** Task details **
Look in the listing below for the line that has "J D Souther", then return it and each following line up to and including the one with "Le shampooing Byphasse", exactly and without pictures.
#### Record extracts
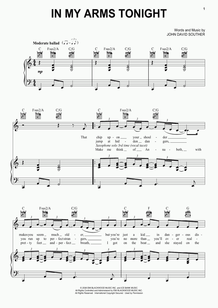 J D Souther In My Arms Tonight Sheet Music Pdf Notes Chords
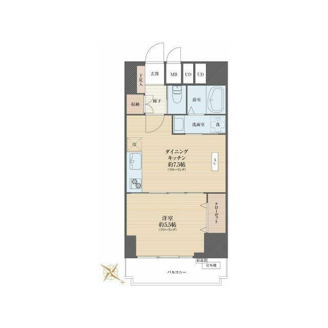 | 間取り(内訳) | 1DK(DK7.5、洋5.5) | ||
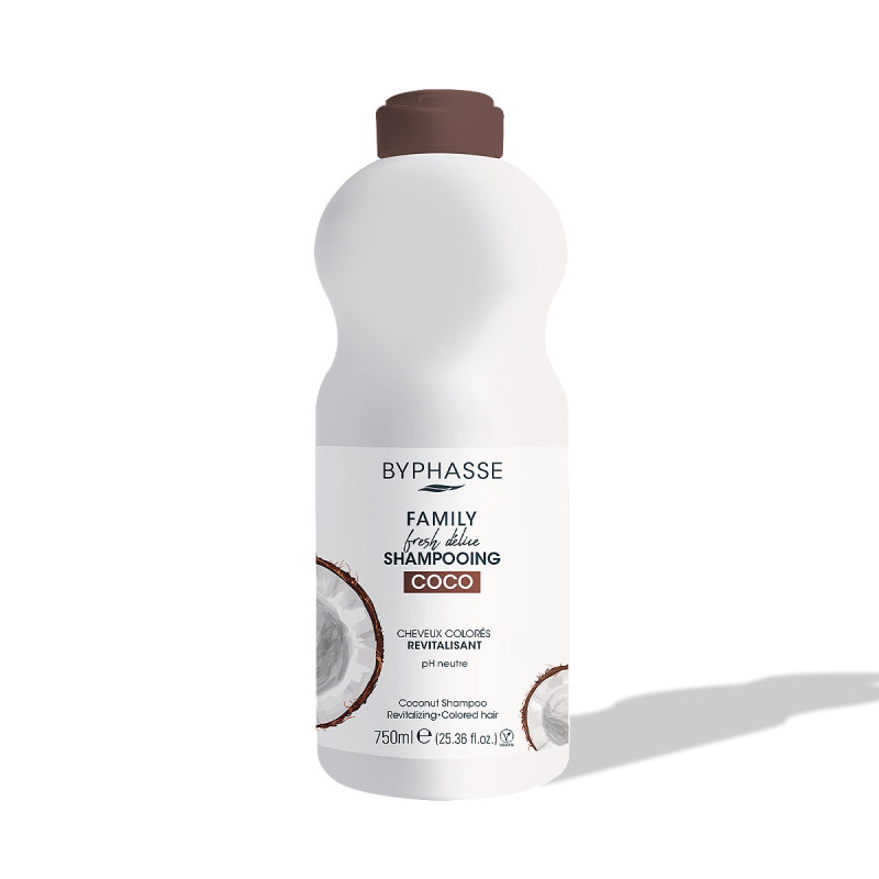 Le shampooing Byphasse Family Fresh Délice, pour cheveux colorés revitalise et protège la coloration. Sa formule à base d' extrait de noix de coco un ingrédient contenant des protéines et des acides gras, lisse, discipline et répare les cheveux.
########
#### Record extracts
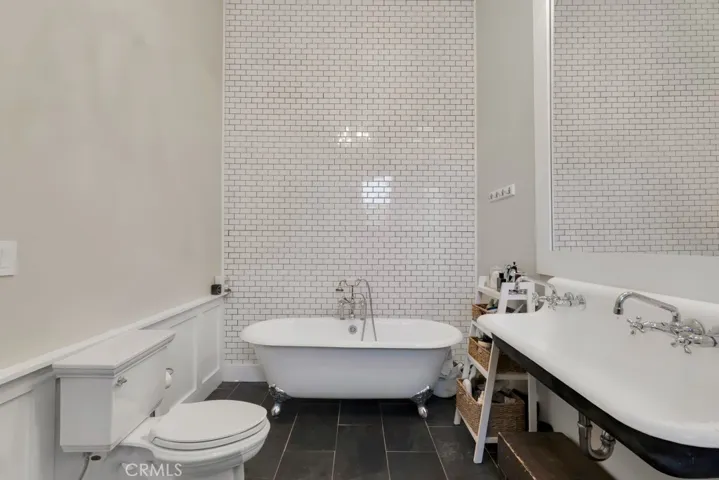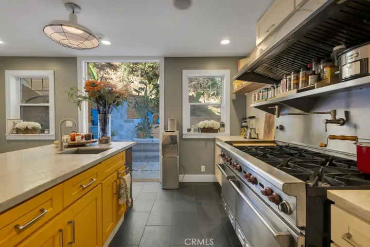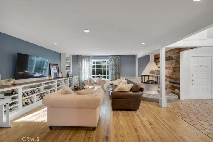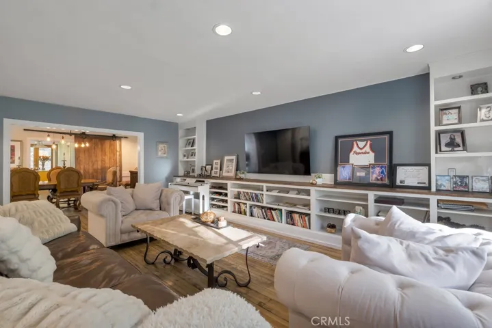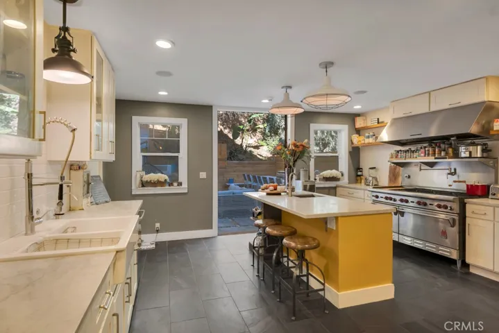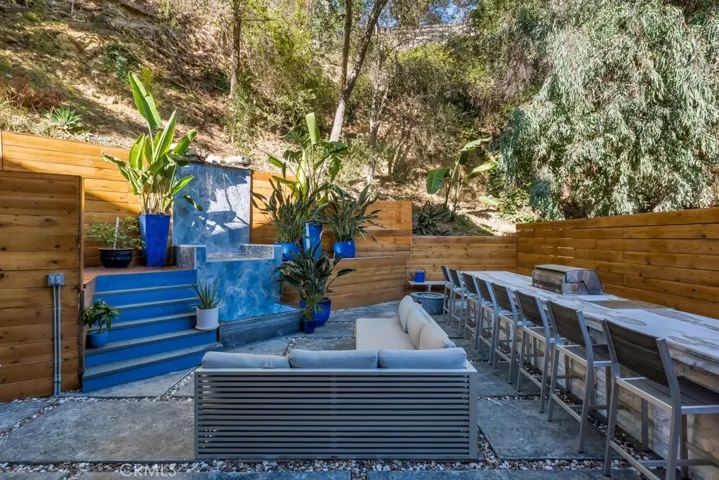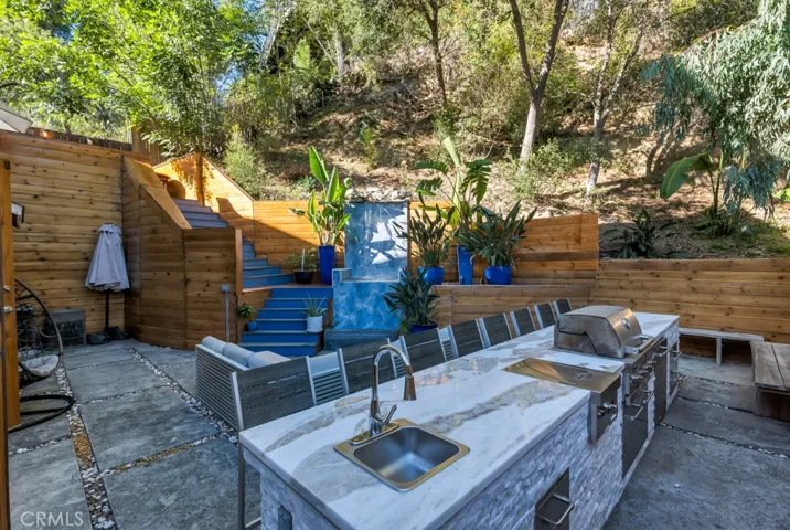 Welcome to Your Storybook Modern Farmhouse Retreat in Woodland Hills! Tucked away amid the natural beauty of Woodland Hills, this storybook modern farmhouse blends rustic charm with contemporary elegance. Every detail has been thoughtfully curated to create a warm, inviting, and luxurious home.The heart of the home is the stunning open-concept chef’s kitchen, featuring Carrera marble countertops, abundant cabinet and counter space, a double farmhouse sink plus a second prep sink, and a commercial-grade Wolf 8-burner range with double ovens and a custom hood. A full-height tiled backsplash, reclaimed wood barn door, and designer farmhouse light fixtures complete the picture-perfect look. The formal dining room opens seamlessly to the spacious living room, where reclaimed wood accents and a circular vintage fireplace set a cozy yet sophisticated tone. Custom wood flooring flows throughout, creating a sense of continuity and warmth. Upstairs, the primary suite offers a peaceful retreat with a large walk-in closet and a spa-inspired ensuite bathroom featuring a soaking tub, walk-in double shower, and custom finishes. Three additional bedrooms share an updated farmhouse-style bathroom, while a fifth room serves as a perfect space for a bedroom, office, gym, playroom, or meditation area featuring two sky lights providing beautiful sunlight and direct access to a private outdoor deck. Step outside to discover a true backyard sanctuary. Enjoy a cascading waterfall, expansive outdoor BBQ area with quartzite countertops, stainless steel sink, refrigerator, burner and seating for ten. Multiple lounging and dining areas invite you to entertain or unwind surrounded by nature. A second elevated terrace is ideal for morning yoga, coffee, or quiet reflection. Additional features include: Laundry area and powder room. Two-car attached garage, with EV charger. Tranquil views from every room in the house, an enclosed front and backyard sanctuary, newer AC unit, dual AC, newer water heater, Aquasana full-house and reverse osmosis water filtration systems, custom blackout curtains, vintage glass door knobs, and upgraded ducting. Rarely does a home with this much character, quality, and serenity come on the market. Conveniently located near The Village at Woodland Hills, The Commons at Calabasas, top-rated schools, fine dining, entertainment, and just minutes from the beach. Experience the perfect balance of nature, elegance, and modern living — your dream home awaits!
########
** Worked solution **
 J D Souther In My Arms Tonight Sheet Music Pdf Notes Chords
 | 間取り(内訳) | 1DK(DK7.5、洋5.5) | ||
 Le shampooing Byphasse Family Fresh Délice, pour cheveux colorés revitalise et protège la coloration. Sa formule à base d' extrait de noix de coco un ingrédient contenant des protéines et des acides gras, lisse, discipline et répare les cheveux.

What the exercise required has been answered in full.